AREALVERSCHIEBUNG
Nicht nur Eisbären müssen sich einen neuen Lebensraum suchen
Wenn das Eisbärmädchen "Flocke" den Nürnberger Zoo verlassen müsste - aus welchem Grund auch immer -, dann wären die Folgen klar: drastische Einnahmeverluste, kein mediales Interesse mehr, die Stadt verlöre eine Attraktion. Wenn Flockes Artgenossen in freier Wildbahn gezwungen sind, ihre angestammte Heimat zu verlassen, weil es dort zu warm geworden ist oder sie nicht ausreichend Nahrung finden, sind die Folgen ungleich gewichtiger und nicht so schnell aufgelistet. Die durch den Wandel des Klimas bewirkte Verdrängung von Tieren aus ihrem ursprünglichen Lebensraum hat nachhaltige Folgen, die - da sind sich Wissenschaftler einig - noch nicht abschätzbar sind.
Der Eisbär ist dabei nur ein prominentes, bildhaftes und durch Zoo-Attraktionen wie Knut, Flocke und Wilbär leicht vermittelbares Beispiel für eine globale Tierwanderung, die längst begonnen hat. Und er ist von der zu befürchtenden Verschiebung - im Expertenjargon "Arealverschiebung" genannt - existenziell betroffen. Denn während viele Tierarten, denen es in ihrem angestammten "Areal" zu warm wird, Stück für Stück in den kühleren Norden vordringen, fehlt dem Ursus maritimus diese Möglichkeit. Ihm schmilzt schlichtweg das Eis unter den Füßen weg. "Eisbären und einige Robbenarten", sagt denn auch Ulrich Sommer, Professor für Marine Ökologie am Leibnitz-Institut für Meereswissenschaften der Universität Kiel, "werden leider ganz verschwinden oder nur in kleinen, begrenzten Bereichen der Arktis überleben können."

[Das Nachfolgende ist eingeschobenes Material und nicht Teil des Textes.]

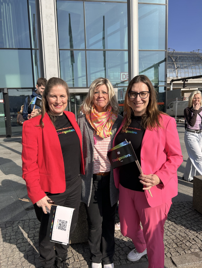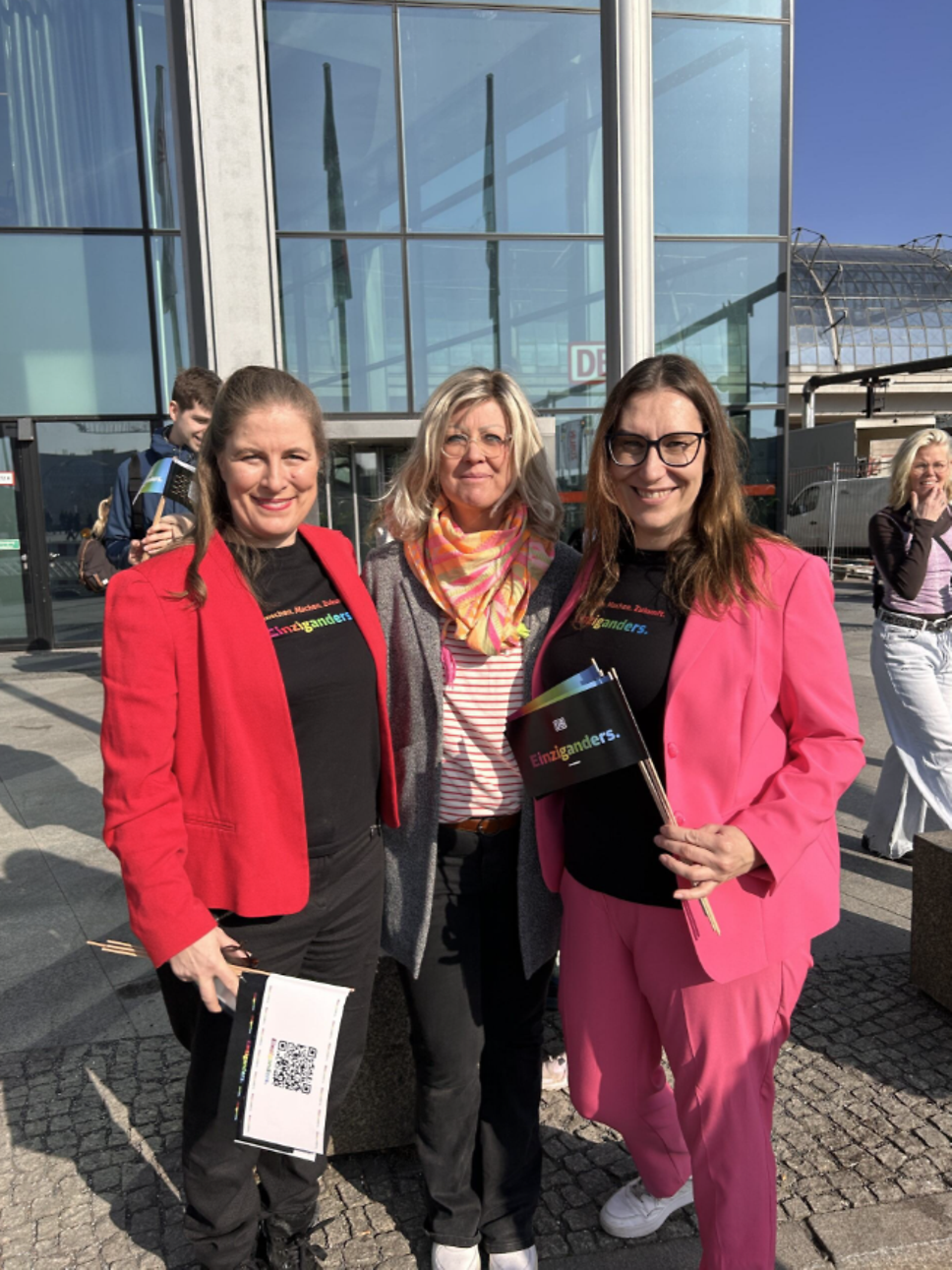„Das Netzwerk Frauen bei der Bahn bringt Frauen zusammen und macht sie sichtbar. Wir möchten eine dauerhafte Gleichstellungskultur und beteiligen uns an der Konkretisierung von Maßnahmen zur Stärkung von Frauen im Konzern. Die Flagge am Berliner Hauptbahnhof steht genau dafür: für Zusammenhalt, Vielfalt und dafür, dass Frauen unsere Branche aktiv mitgestalten.“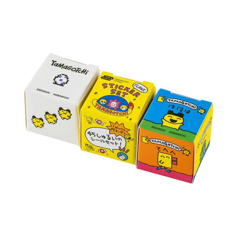 This set of 3 sticker boxes offers 45 nostalgic designs drawn from the legendary pocket pets. A mix of holographic pixel art, short phrases and retro designs, the Tamagotchi Flake Stickers are an emphatic tribute to the 30th anniversary of a classic toy.
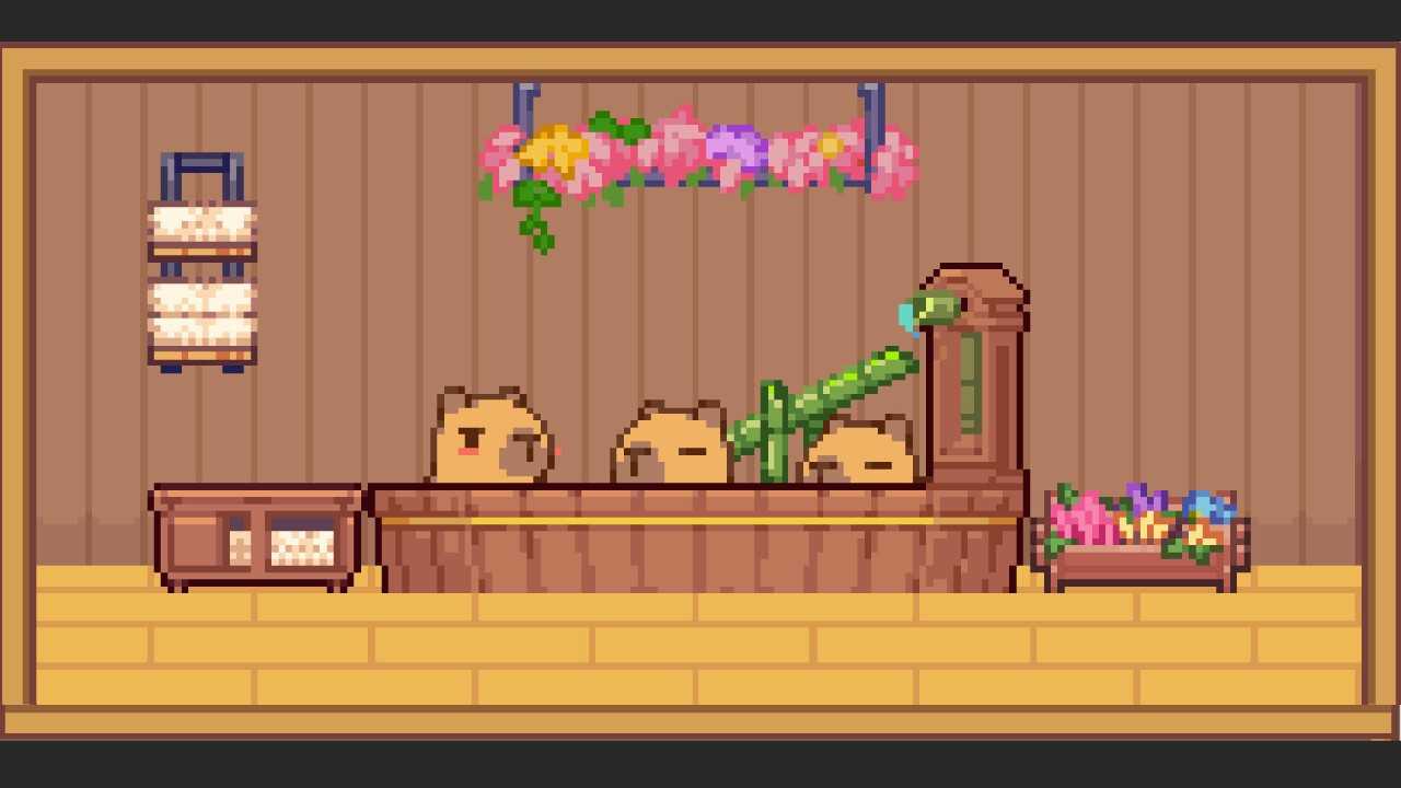 和你的小动物伙伴们一起动手建个度假中心,专门招待那些爱泡澡的卡皮巴拉们,让它们来这儿好好放松放松,房间装修得温馨点华丽点,卡皮巴拉们看了都想来,还能解锁新家具,等攒够资源了就找大狸子工头扩建,让度假中心越变越大,平时忙的时候动物伙伴们还能帮忙看着,把度假中心放在电脑桌面一边,工作娱乐两不误,画面大小位置都能调,挺方便的。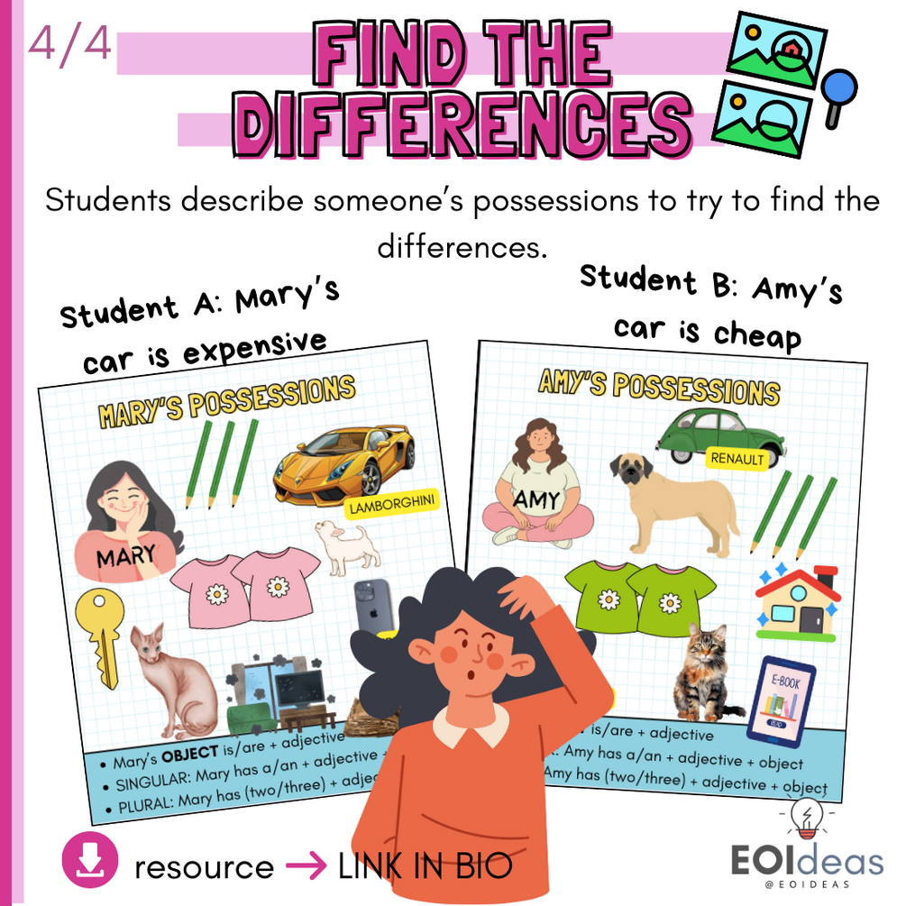 3️⃣FIND THE DIFFERENCES: hay 2 sets con 4 tarjetas diferentes. Trabajamos genitivo sajón, he/she has, singular y plural y adjetivos sencillos. En cada set hay 2 personas que tienen prácticamente las mismos posesiones pero son diferentes (una es verde, y la otra rosa; uno tiene un coche caro y el otro barato...). El alumnado debe en parejas describir las posesiones de la persona que le toque sin enseñar la tarjeta a su compi y juntas identificar las diferencias y cosas en común. Viene con una chuleta para que sepan las estructuras y una diapositiva de ejemplo para proyectar. Después pueden escribir frases usando conectores sencillos como AND/BUT/TOO.

Doch man braucht nicht bis an den Nordpol zu schauen: Konkret sind die Auswirkungen der klimatisch bedingten Wanderung bereits vor den deutschen Küsten. Einerseits verschwinden heimische Fischarten, weil es ihnen in Nord- und Ostsee zu warm geworden ist und beispielsweise der Sauerstoffgehalt des Wassers abnimmt. Auf der anderen Seite haben dänische Meeresbiologen jüngst Schwertfische, Sardellen, Meerbarben und -brassen im Skagerrak, der Meerenge zwischen Dänemark, Norwegen und Schweden, gefangen - Fische, die üblicherweise im Mittelmeer oder der Biskaya heimisch sind. Ähnliche Wanderungen haben Forscher bei Vögeln, Schmetterlingen und Reptilien nachgewiesen.
Auch Knut steht wohl noch in diesem Jahr eine "Arealverschiebung" bevor: in einen anderen Zoo. Das hat allerdings nichts mit dem Klimawandel zu tun - in Berlin ist schlicht kein Platz.